Hi, I'm new to the forum and soap making. I want to make egg shaped or oval soaps and have got some moulds in two halfs. I have tried to stick the two halfs together once the soap has set - I used a kitchen blowtorch! It was quite succesful but rather messy and the finished product looked amateurish. I now have got an eggshaped mould that has two halfs that clip together to set, but how, and at what point do you clip them together? Obviously you can't do it when the soap is still liquid. 
Many thanks in advance for any suggestions.


----------



## Catmehndi (Jul 21, 2011)

The best thing is probably using a 3D soap mold: the two halves are held by heavy-duty elastic bands and you pour your soap from the top opening. You have the option to have your soap on a rope too.

Trying to get two half soaps stick together is beyond my talent... the only thing I can think of is to spray them with alcohol (to stick) and press your two molds together before the soap is completely set - don't know if it will work....good luck!


----------



## carebear (Jul 21, 2011)

I used Easter molds from Jello - worked GREAT!  They are egg sized, though.

My mold looked a lot like this, but not exactly, so I cannot promise how it'll come out, but I bet it's pretty darned good.

http://www.kraftcornerstore.com/_e/Mold ... GGLERS.htm


----------



## Catmehndi (Jul 21, 2011)

carebear said:
			
		

> I used Easter molds from Jello - worked GREAT!  They are egg sized, though.
> 
> My mold looked a lot like this, but not exactly, so I cannot promise how it'll come out, but I bet it's pretty darned good.
> 
> http://www.kraftcornerstore.com/_e/Mold ... GGLERS.htm



How COOL are these!?! wow!


----------



## Hazel (Jul 21, 2011)

I've used the Jello Egg Jigglers, too. I had a hard time getting them out of the mold so you'll need to spray it or use mineral oil.
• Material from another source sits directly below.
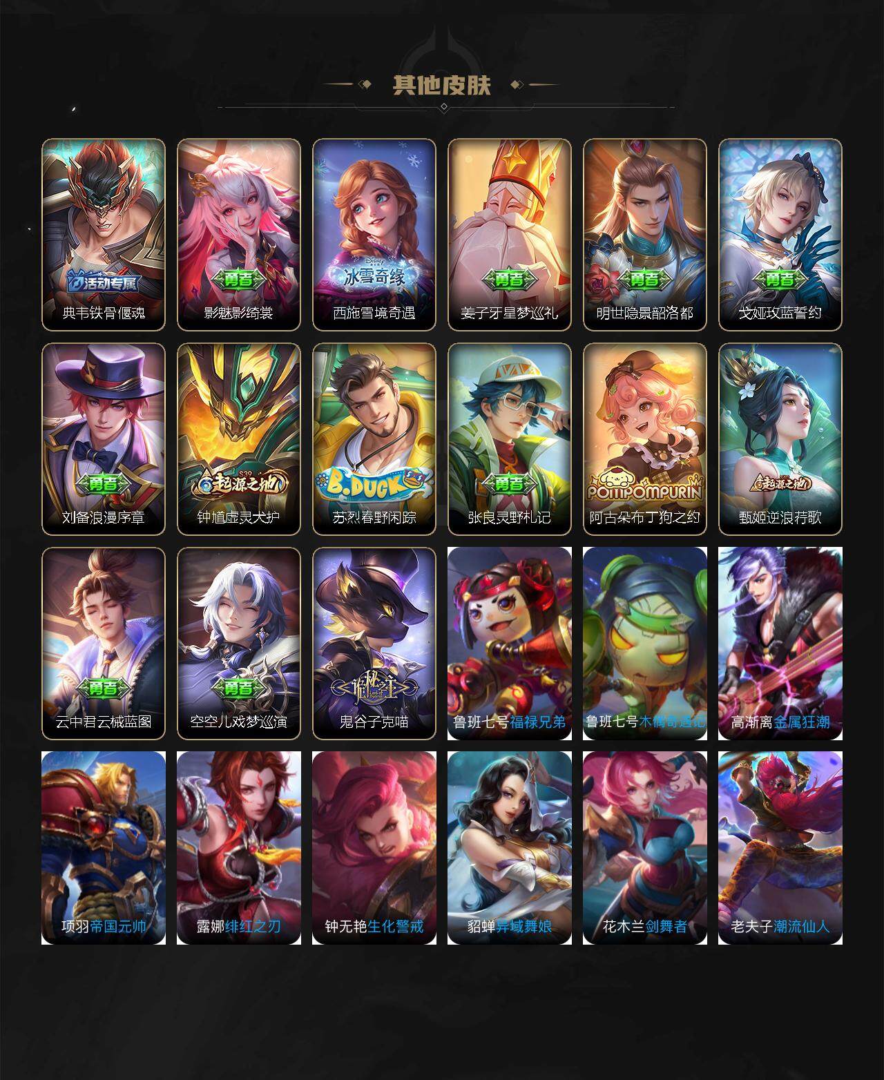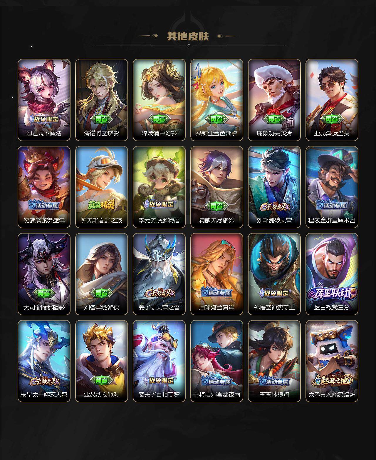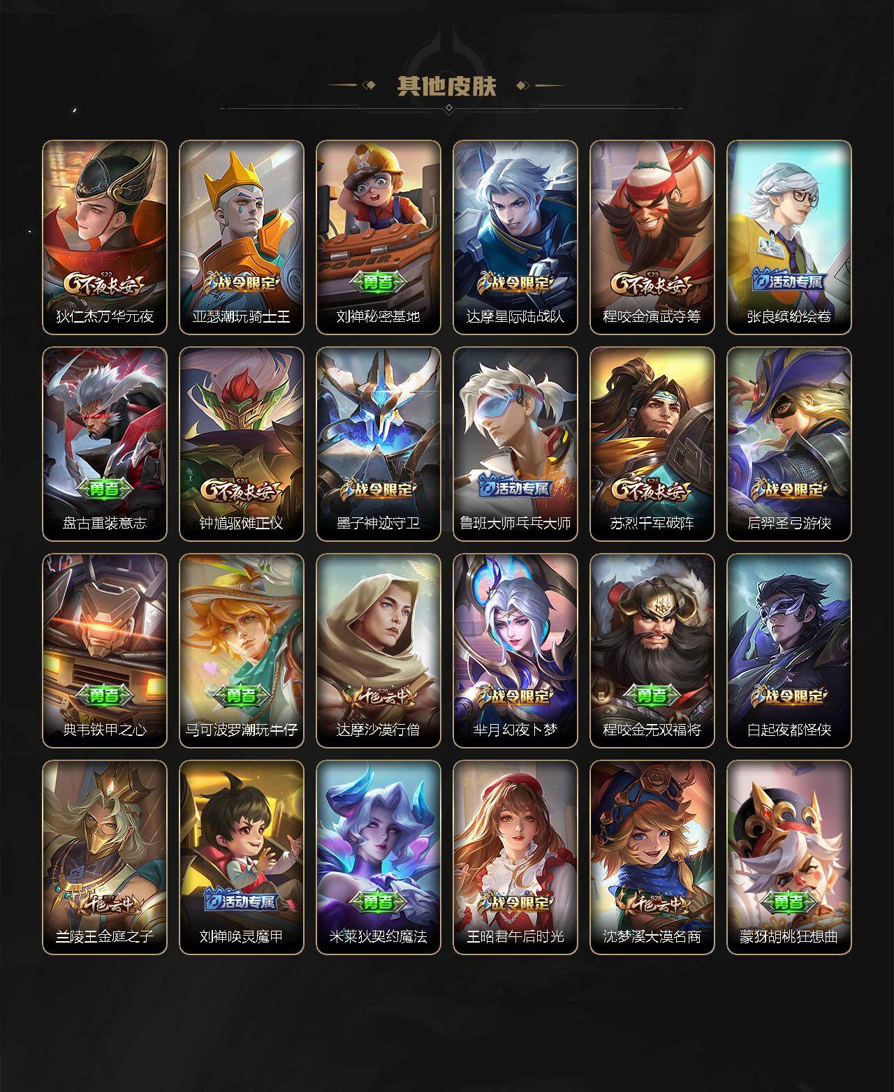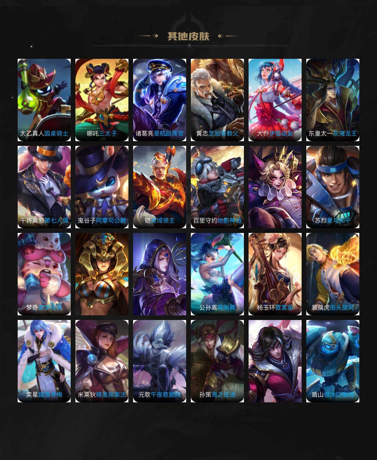 瑶遇见神鹿,娜可露露晚萤,伽罗箭羽风息,李元芳逐浪之夏,不知火舞魅语,大乔猫狗日记,孙策猫狗日记,阿轲节奏热浪,露娜紫霞仙子,诸葛亮黄金分割率,王昭君偶像歌手,韩信白龙吟,项羽苍穹之光,孙尚香时之恋人,阿轲暗夜猫娘,雅典娜冰冠公主,吕布末日机甲,鲁班七号电玩小子,蒙犽龙鼓争鸣,橘右京修罗,墨子龙骑士,嬴政摇滚巨星,刘禅绅士熊喵,刘禅天才门将,白起星夜王子,安琪拉心灵骇客,程咬金功夫厨神,刘邦德古拉伯爵,兰陵王暗隐猎兽者,曹操幽灵船长,宫本武藏鬼剑武藏,司马懿暗渊魔法,亚瑟心灵战警,钟馗乐园奇幻夜,杨戬天秀·启明,蔡文姬舞动绿茵,廉颇地狱岩魂,西施诗语江南,小乔缤纷独角兽,夏侯惇乘风破浪,花木兰水晶猎龙者,铠曙光守护者,百里玄策热力回旋,墨子金属风暴,百里玄策原初追逐者,吕布圣诞狂欢,貂蝉圣诞恋歌,百里守约特工魅影,嬴政暗夜贵公子,嫦娥拒霜思,雅典娜黎明之约,李白千年之狐,哪吒雪上飞焰,夏洛特永昼,澜赏金猎手,艾琳奇遇舞章,高渐离天秀·音浪,杨玉环银翎春语,沈梦溪匿光破解者,刘禅电玩·爆裂旋风,海月浮梦罗烟,赵怀真鹤归松栖,蒙犽百解令,高渐离燃音魔法,伽罗琥珀纪元,大乔乘龙·忆丹青,安琪拉乘龙·聚宝船,曹操夜都魔契,海诺心动手记,苍狼魂孤将
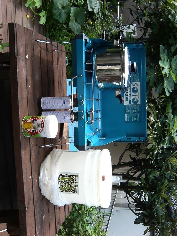 電気代の関係で屋外で簡易ガスボンベを使っての仕込だ。。

Also, *make *sure they're securely pressed together. Otherwise, you'll lose half of your MP soap.


----------



## saltydog (Jul 24, 2011)

I used the Jello egg molds at Easter too! Everyone loved them!


----------



## Iris Reola (Aug 4, 2011)

Ooooh, that jello mold looks fantastic.


----------



## Iris Reola (Aug 4, 2011)

Ooooh, that jello mold looks fantastic.


----------